Not for: precise field filtering (use search_papers) or fetching full
original text (use read_content).
Returns: list of chunks; each entry has chunk_id, doc_id, abstract,
chunk, score, title, offset.
Typical chain: semantic_search → pick chunk → read_content(doc_id,
offset).
**Invoke**: `node scripts/semantic_search.mjs '<JSON args>'`
### list_catalog
Returns the schema catalog for search_papers: every field name, type,
whether it's filterable / sortable, default-return status, human
description, and applicable FilterOperators.
Use when: "Which field do I filter by DOI?", "What values can
access_oa_status take?", "What's the right enum for metadata_type?".
Not for: actually searching papers (use search_papers / semantic_search).
Typical pattern: call once when first encountering Sciverse or facing
an ambiguous field need, then construct precise search_papers filters
from the returned schema.
Pass include_sample_values=true to also fetch top-20 values for
enum-like fields (OpenSearch terms aggregation, 24h cached).

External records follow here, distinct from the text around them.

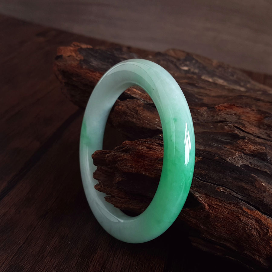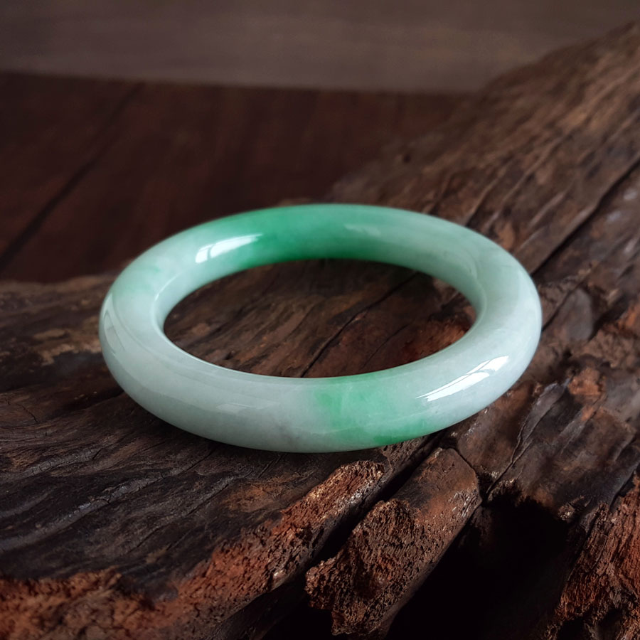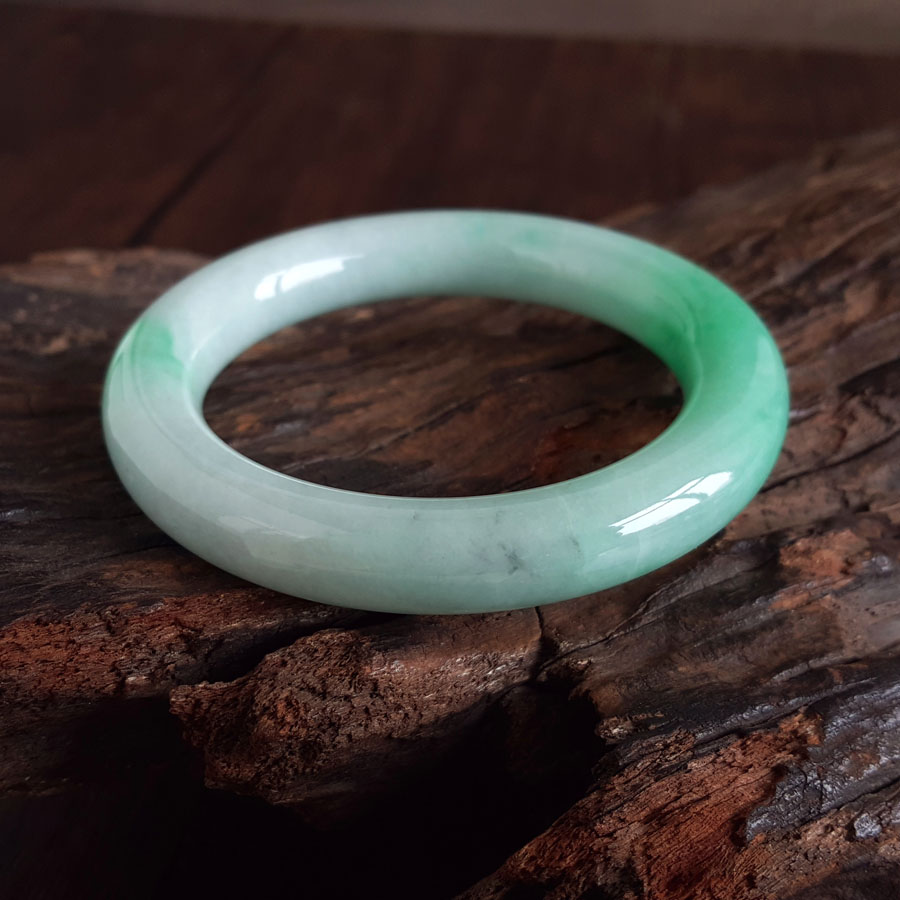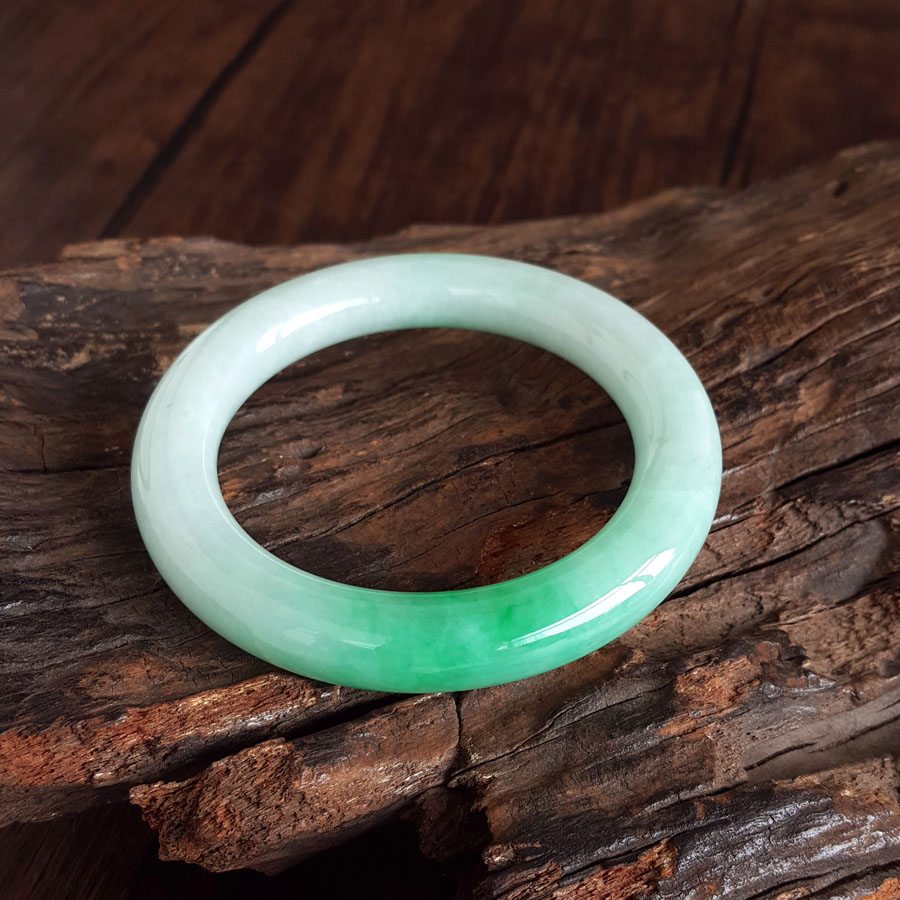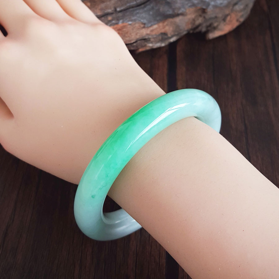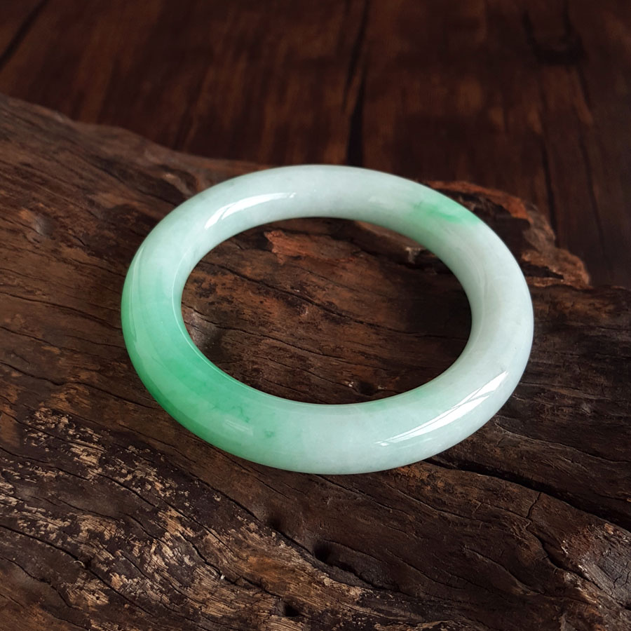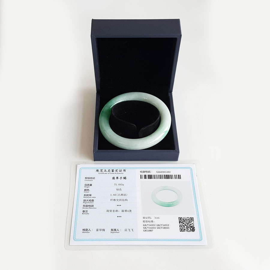 名称 | 天然精品圆条细腻糯种飘辣阳绿57.5号翡翠手镯(有纹) |
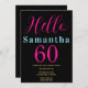 C'est une invitation à la fête du 60e anniversaire moderne et élégante. Ce design chic est en typographie rose vif, bleu et or et un arrière - plan noir. Il s'agit d'un design personnalisé, avec le texte "Hello 60", et espace vous permettant d'ajouter votre nom et les détails de votre fête. Une version plus petite du logo personnalisé "Hello 60" de la fête de typographie est répétée au dos, avec les détails principaux de la fête (nom, âge et date de célébration). Ce design élégant est parfait pour un 60ème anniversaire élégant et inoubliable fête. Pour personnaliser, il vous suffit d'ajouter votre nom, votre date, le lieu de la fête et les informations RSVP dans la zone de texte personnalisée. Pour modifier la couleur ou la police, consultez l'outil d'édition de conception. Si vous avez besoin d'aide pour la personnalisation, la mise en correspondance de produits ou pour un design personnalisé, contactez-moi via zazzle conversation.
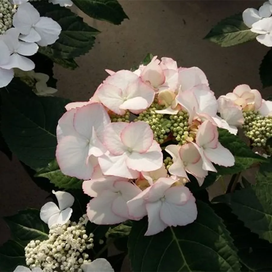 Die Bauernhortensie 'Frisbee'® Petticoat hat tellerförmige Blütenstände, die sich innen reinweiß und außen cremeweiß mit einem leichten, dezenten rosaroten Rand zeigen. Zum Herbst hin nimmt die Blüte eine grüne Färbung an. Blütezeit von Juni bis Oktober.
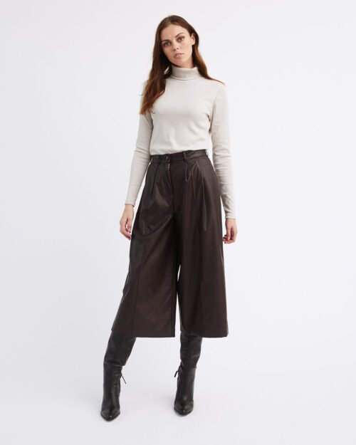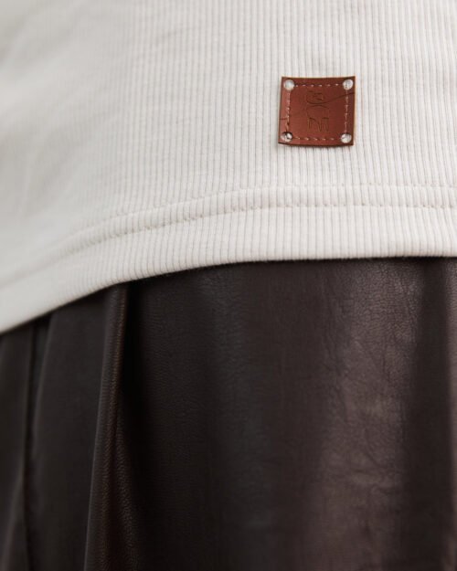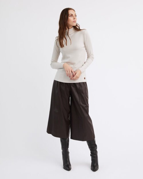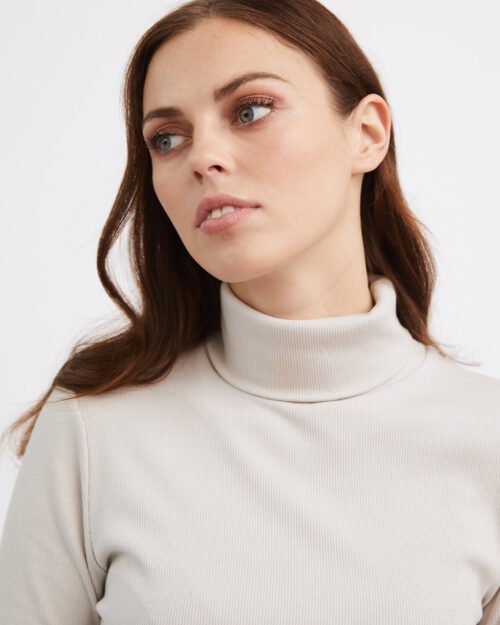 Fitted turtleneck made of cotton modal, long sleeves, ribbed texture. Eco-leather tab with JERRY SHEPHERD logo.
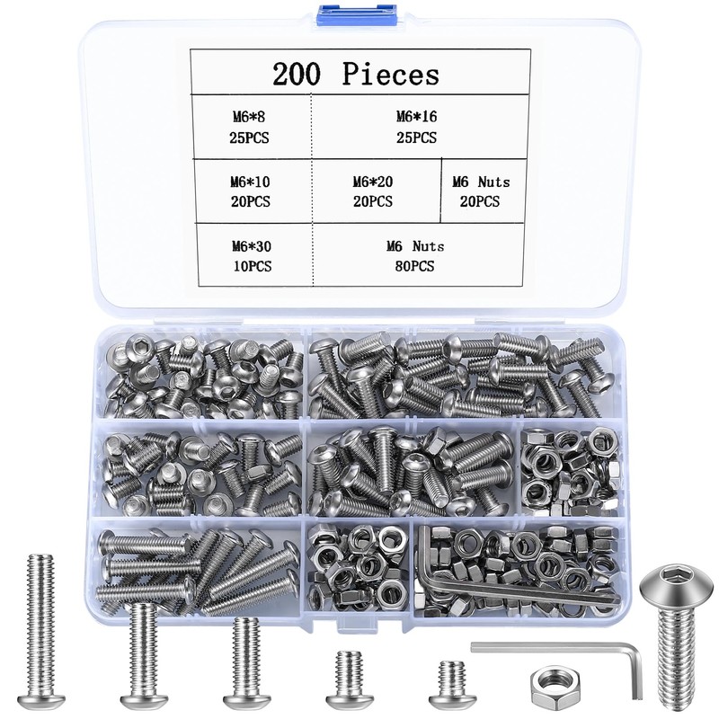 200 pieces M6 screws set, round head hex screws nuts set, hexagon socket screws with nuts set, round head threaded screws set, stainless steel machine screws assortment set
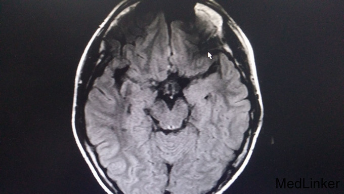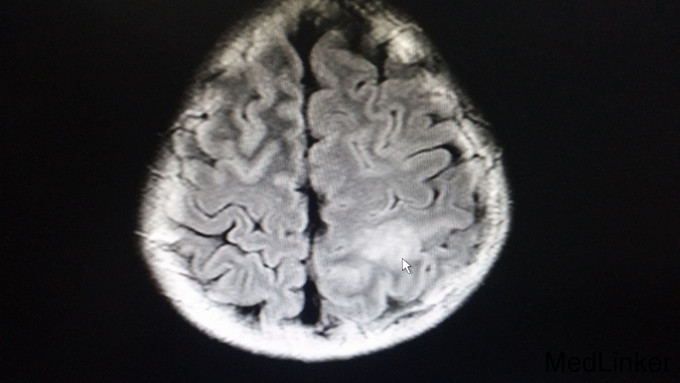 查体:脑膜刺激征阳性:Kernig征阳性,颈抵抗,颏胸距4指。辅助检查: 1. 血常规:白细胞19.02G/L,中性粒91.4%,血沉26mm/h;凝血6项纤维蛋白原4.08g/L,D-二聚体1.31mg/L;生化八项、脑脊液常规、生化、细菌、真菌未见明显异常,脑压240mmH20; 2. 脑电图:痫样放电,中度异常脑电图; 3. CT:双侧额叶纵裂旁灰质、双侧岛叶、右额叶上部及左顶叶多处灰质异常信号。 4. 外院T-spot试验阳性。
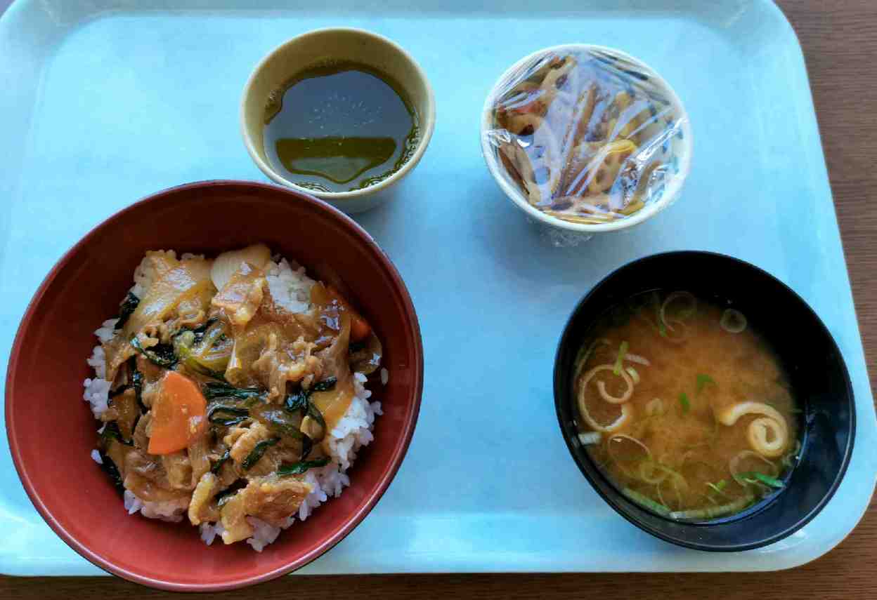 7階食堂、今日のバラエティー定食は牛丼
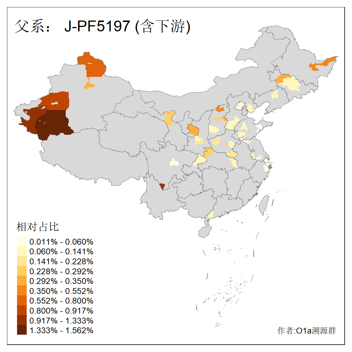 | J-M304_J-M172_J-M410_J-PF4610_J-F4326_J-PF5087_J-AM01359_J-L24_J-Z400_J-L25 | 8580 | 0.179% | 164人(含下游) 张:16 王:11 刘:9 程:9 杨:8 陈:8 李:6 马:6 何:5 吴:3 崔:3 杜:3 赵:3 钟:3 ![]() | 30人(不含下游) 张:3 杨:3 马:3 李:2 邱:2 仰:1 任:1 何:1 刘:1 吴:1 孤:1 庄:1 杜:1 熊:1 ![]() |
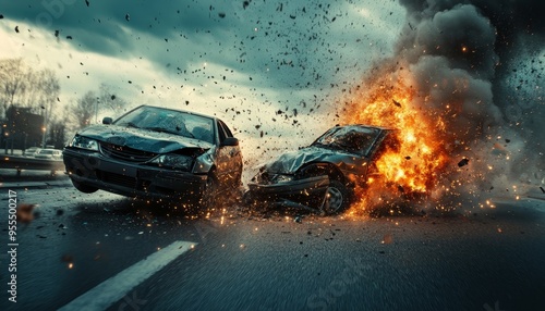Obraz premium Car collision scene capturing the impact of an accident for insurance and...
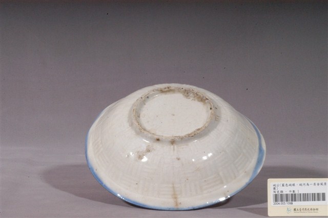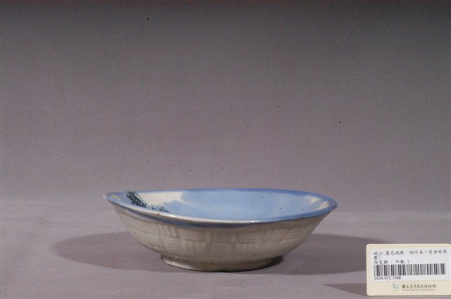 彩繪山水景緻花形碗以模具成形且高溫燒製而成。侈口,弧壁,淺腹,碗形因燒製而略有變形。大圈足,圈足露胎,胎色略帶灰,胎質略為粗糙。圈足因刮釉因此留下凹凸不平的痕跡,圈足底較不平整,且有窯沙沾黏。全器施白釉,呈色帶暖色調,釉面光潔,器表略有氣孔、開片紋路及裂痕。口沿施一道鈷藍釉,器外壁印有橫向線條及直向線條交錯的編織紋路,增添外壁質地的層次感。主要紋飾以碗內壁的圖案為主,以深淺的鈷藍釉、淺黃褐釉等為主要色調,描繪湖水、遠山以及岸邊人家景緻。紋樣的整體構圖簡潔,用筆謹慎,小屋及漁船的造形充滿童趣,且描繪諸多細節
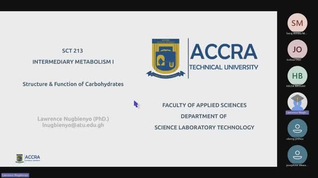 SCT 213 Biochemistry - Intermediary Metabolism I: Carbohydrate structure and function.
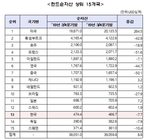 반면 프랑스는 516억 달러, 중국 501억 달러, 영국 447억 달러 등 10개국은 펀드 순자산이 감소했다.
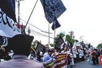 Suarindonesia — Ratusan orang massa membawa bendera bertuliskan kalimat tauhiddan menggelar aksi di depan Markas Kepolisian Daerah Jawa Timur (Mapolda Jatim). Aksi ini mereka lakukan untuk mendampingi…
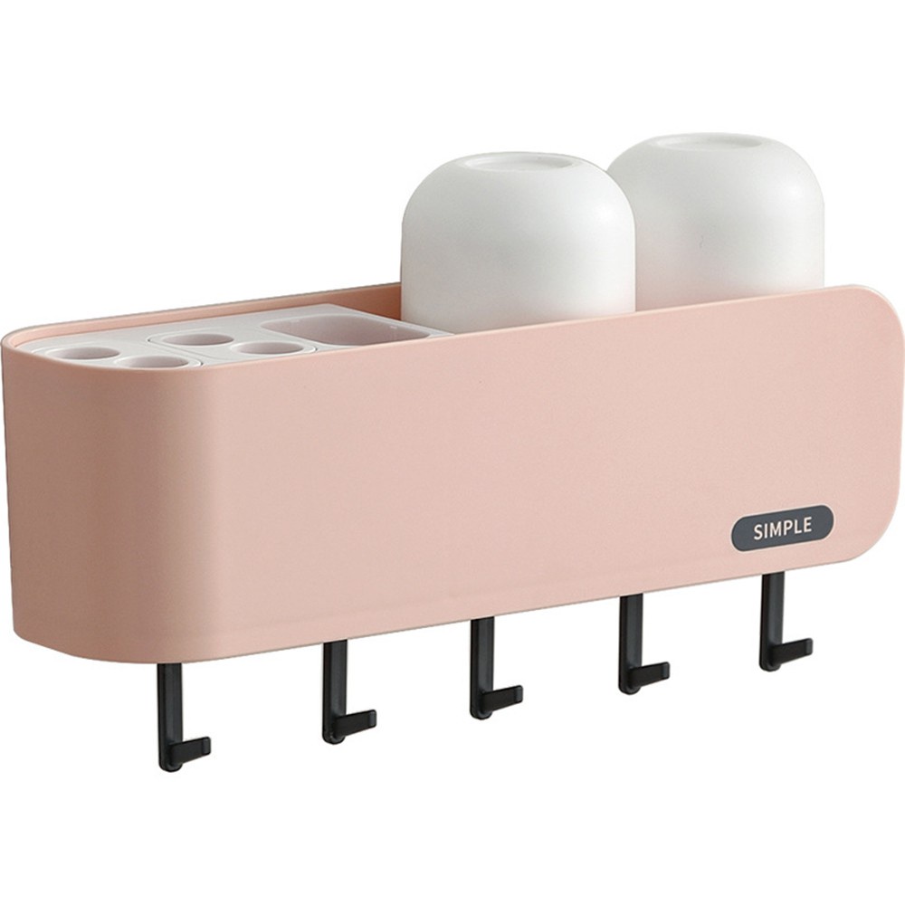 Giới thiệu Khay Giá Để Bàn Chải, Cốc, Tuýp Kem Đánh Răng H9 - CHỮ SIMPLE Mới Về (Có 5 Móc Treo Đen + Kèm 2 Cốc) US906

**Invoke**: `node scripts/list_catalog.mjs '<JSON args>'`
### read_content
Read a UTF-8 byte range of a paper's original text. Typically used with
a doc_id/offset returned by semantic_search to expand context (read
more bytes before or after a chunk).
Returns: text fragment, bytes_returned, next_offset, more (boolean).
**Invoke**: `node scripts/read_content.mjs '<JSON args>'`
### get_resource
Returns the binary bytes of a paper figure / table image referenced
inside read_content's Markdown via `` placeholders.
Use when the user asks to see / display / describe a figure and
read_content output contains an image reference.
Input file_name comes from the Markdown URL part (relative path,
no `\\` or `..`).
Returns: raw image stream + image/* Content-Type. The SDK / MCP
server wraps the bytes as base64 + mimeType so Claude (multimodal)
can read the image directly.
**Invoke**: `node scripts/get_resource.mjs '<JSON args>'`
## Bootstrap: learn the schema first
If you're unsure which fields exist or what values an enum takes
(e.g. `metadata_type`, `language`, `access_oa_status`), call
`list_catalog` once at the start. Sample values are returned for
low-cardinality fields. Use it instead of guessing field names —
guessing wastes turns.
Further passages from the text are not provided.